Starting point is 00:26:28 And I think that there's a couple reasons why Bitcoin is still an important part of this equation or isn't just mitigated by the demand for USD stablecoins. One is that this creates infrastructure. If you have to buy tether, you are now part of the digital asset ecosystem, and it's much easier to get on-ramp and into other assets like Bitcoin. So that's part one. Part two has to do with what you're trying to do and hedge against. If you are in a local currency regime that is failing and you want to move into something
Starting point is 00:26:58 more stable like the US dollar, where you have more acumen about what currency failures actually look like, and you're going to be much more sensitive to the move. in 4x markets and what currencies do. And to the extent that you become convinced that Bitcoin is something that's going to operate outside of other potential currency failures, you might get interested in that.
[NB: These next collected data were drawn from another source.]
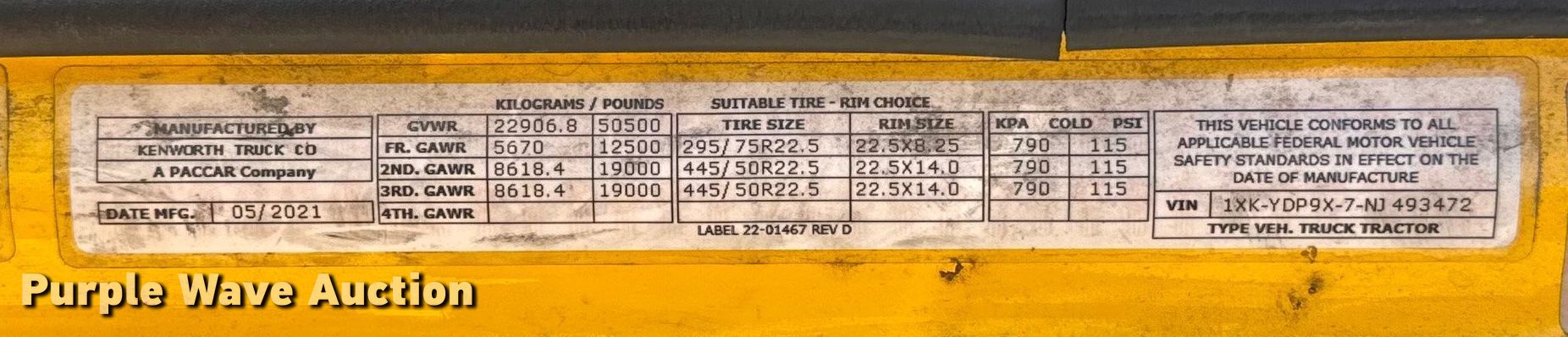 - VIN: 1XKYDP9X7NJ493472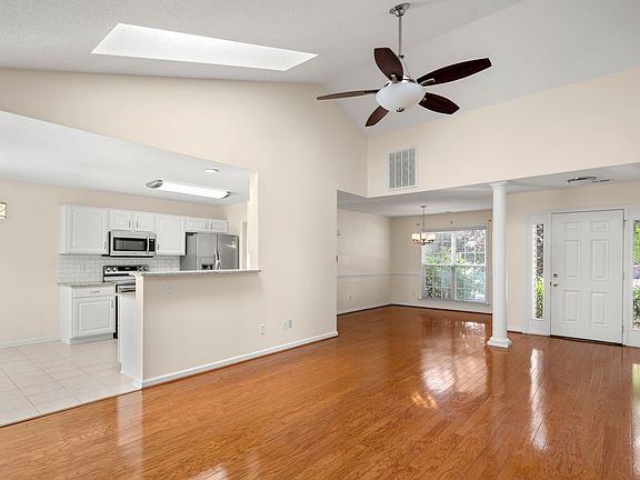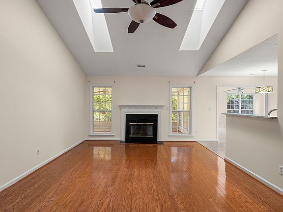 Great home with features that set it apart from the rest, including built-in cabinetry, skylights, an enclosed sunroom, screened porch, and fully fenced yard. Fresh paint throughout! Lawn mowing included! Lovely hardwood floors are throughout the living room and formal dining room. The living room features a gas fireplace and soaring cathedral ceilings with skylights. The open kitchen has an eat-in dining area, granite counters, and appliances including the smooth-top electric range, refrigerator, dishwasher, and microwave. The rear of the home offers wonderful additional living space for all seasons in the sunroom, screened porch, and fully fenced backyard. Tile floors are throughout the kitchen, eat-in dining area, sunroom, bathrooms, and laundry. The laundry room is located between the kitchen and attached two-car garage, and the full-size stacked washer and dryer are included. The spacious primary bedroom suite has vaulted ceilings and a walk-in closet. Its en suite bathroom has tile floors, a dual-sink vanity, garden tub, and the separate glass-enclosed shower. The front bedroom is set up perfectly for use as an office and guest room, as it includes built-in cabinetry including a desk and a Murphy bed! The third bedroom is at the rear of the home, looking onto the screened porch and backyard. All bedrooms are carpeted. The full hall bathroom includes a bathtub/shower. Central heat (natural gas) and central air conditioning (electric). Ceiling fans throughout. Tenant responsible for all utilities, including electricity, water, and natural gas (for the furnace, fireplace, and hot water heater). Trash is provided by the Town of Fletcher. Lawn care provided by the HOA; tenant responsible for landscape maintenance, including pruning and weeding beds. No smoking. No cosigners. No pets.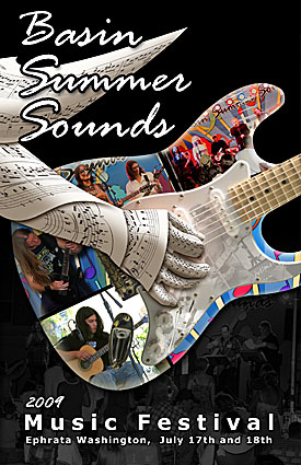 Hey Jarvis! and and thanks for the nice comments about the poster! It is one of my favorites. I have done a lot more posters that are more graphical then photo like this one. All the photo's are ones I took and the sheet music is scanned sheet music from a friend. All the bands are local except one that is Curtis Salgado's band who has worked with Santana. There is also someone people might recognize if they look real close. This year we had Smash Mouth as our final band of the weekend. This has been one of my more popular posters. Thanks again Steve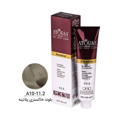 رنگ موی آتوسا رویال بلوند خاکستری پلاتینه حاوی کراتین و روغن های کیاهی و نرم کننده و ویتامین C می باشد.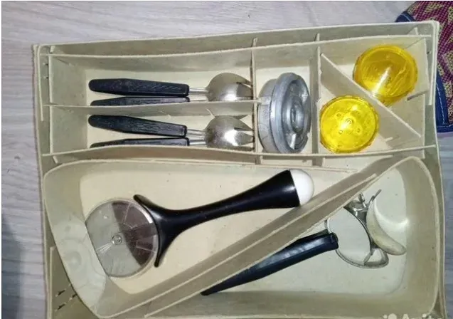 - На праздник дарят набор — для чего он?Это «пельменный набор»: вилки, ножи для теста, стаканчики для специй, диск для сочней, колпачок для мясорубки и инструкция.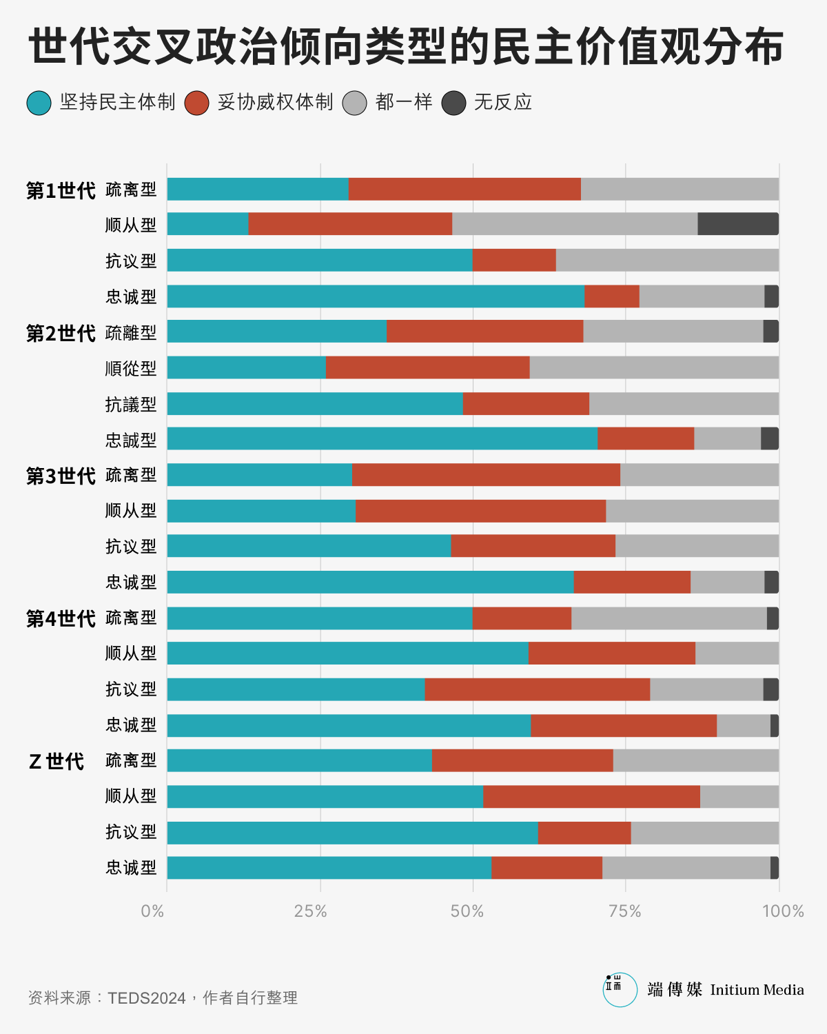 经过整理后,各世代的政治倾向类型分布如下。可以观察到,政治效能感与政治信任存在正相关。属于高政治效能感者(抗议型与忠诚型),高政治信任的比例较多,因此忠诚型多于抗议型。而属于低政治效能感者(疏离型与顺从型),低政治信任比例较多,因此疏离型多于顺从型。
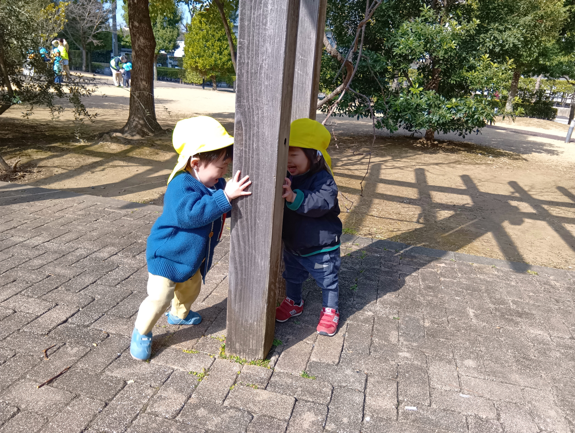 保育者との絆を拠り所にし、少しずつ人間関係の土台を育んできた子どもたち。0歳児では、同じクラスの友達に親しみを感じるようになったり、保育者の仲立ちのもと一緒に遊ぶことを楽しんだりする姿が見られるようになりました。最近の流行りの遊びはかくれんぼ。「ばぁ!」と言ったり、友達と笑い合ったりする姿が微笑ましいです。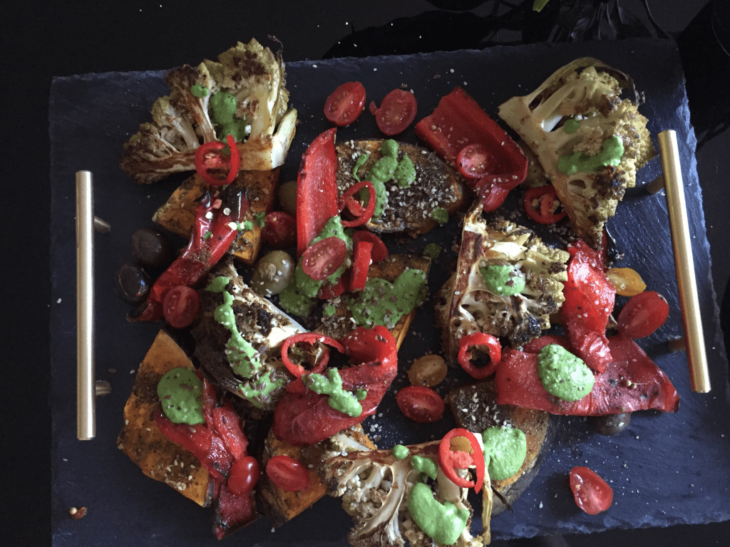 - Lunch: Smoked salmon over a bounty of fresh cut, salady vegetables and a scoop of hummus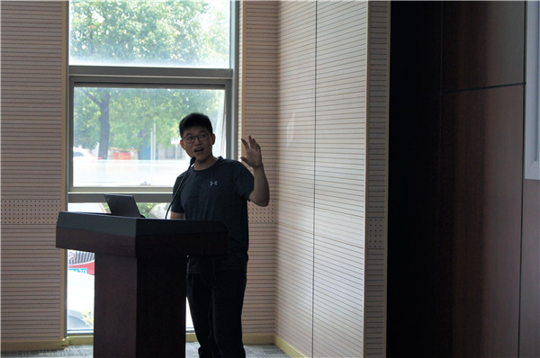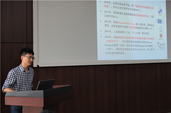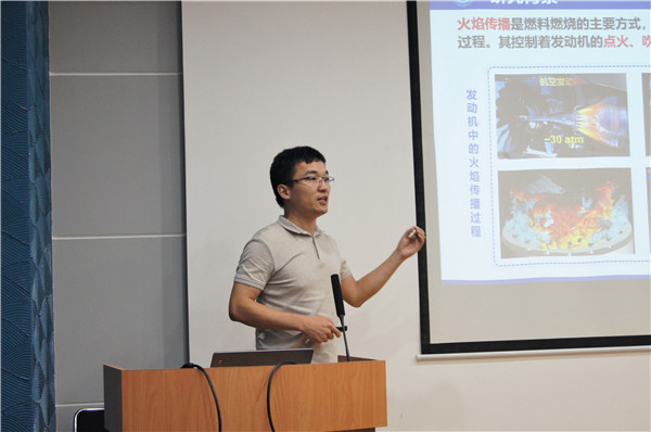 在专家们精彩的学术报告之后,优秀博士生代表、国家奖学金获得者,来自叶轮机械研究所的2017级博士生于涛带来了题为“基于化学发光的火焰三维诊断技术”的学术汇报,重点介绍了火焰发光和化学三维成像技术的分辨率模拟量化与实验方法。他还向在场研究生们分享了自己的科研心得,他表示良好的习惯、适当的娱乐都有助于开展科研工作,鼓励大家平时多看文献、多与导师交流。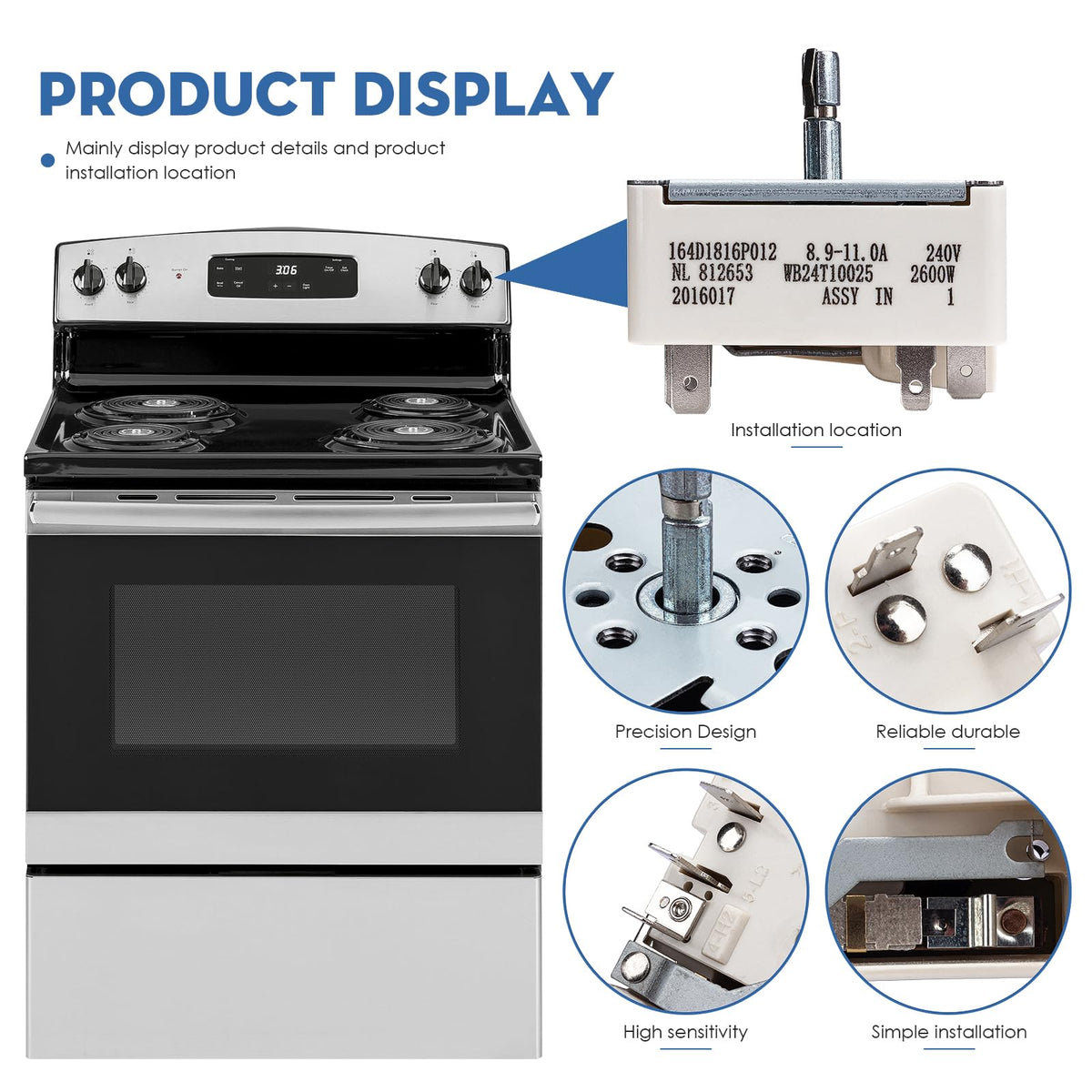 Q: What materials is the WB24T10025 switch made from?A: The WB24T10025 control switch is manufactured using premium stainless steel materials, which ensure durability and a precise fit. This high-quality construction allows you to confidently repair your appliance and maintain optimal cooking performance.

So I don't want to go so far as to say that we've seen explosive use of Bitcoin in these emerging markets when clearly the biggest piece of the puzzle this year has been USD stable coins. But I do think that they're kind of part of a hedge story and a hedge infrastructure that is only going to grow, and I think it's positive for those spaces as a whole,
Starting point is 00:27:38 and Bitcoin specifically too. Sixth and finally, this year has brought an end to a whole lot of economic orthodoxy. We are now firmly in uncharted territory, both from a real and a narrative perspective. All it takes is looking at all these crazy different types of special purpose vehicles created by the Fed to see that there are sacred cows being slaughtered everywhere, and in that type of environment where things are so up for grabs, the appeal of this non-sovereign, non-state asset that is so fundamentally predictable and clear in your expectations of it, it's just a lot more relevant.
Starting point is 00:28:19 So I think that this move to a period of the end of economic orthodoxy is to the benefit of Bitcoin. Anyways, guys, there it was. I took the bait. You've won Joe, even if people agree with my points, which presumably they likely do because this is a macro and Bitcoin podcast. But either way, I appreciate everyone listening. I appreciate Joe engaging in good faith.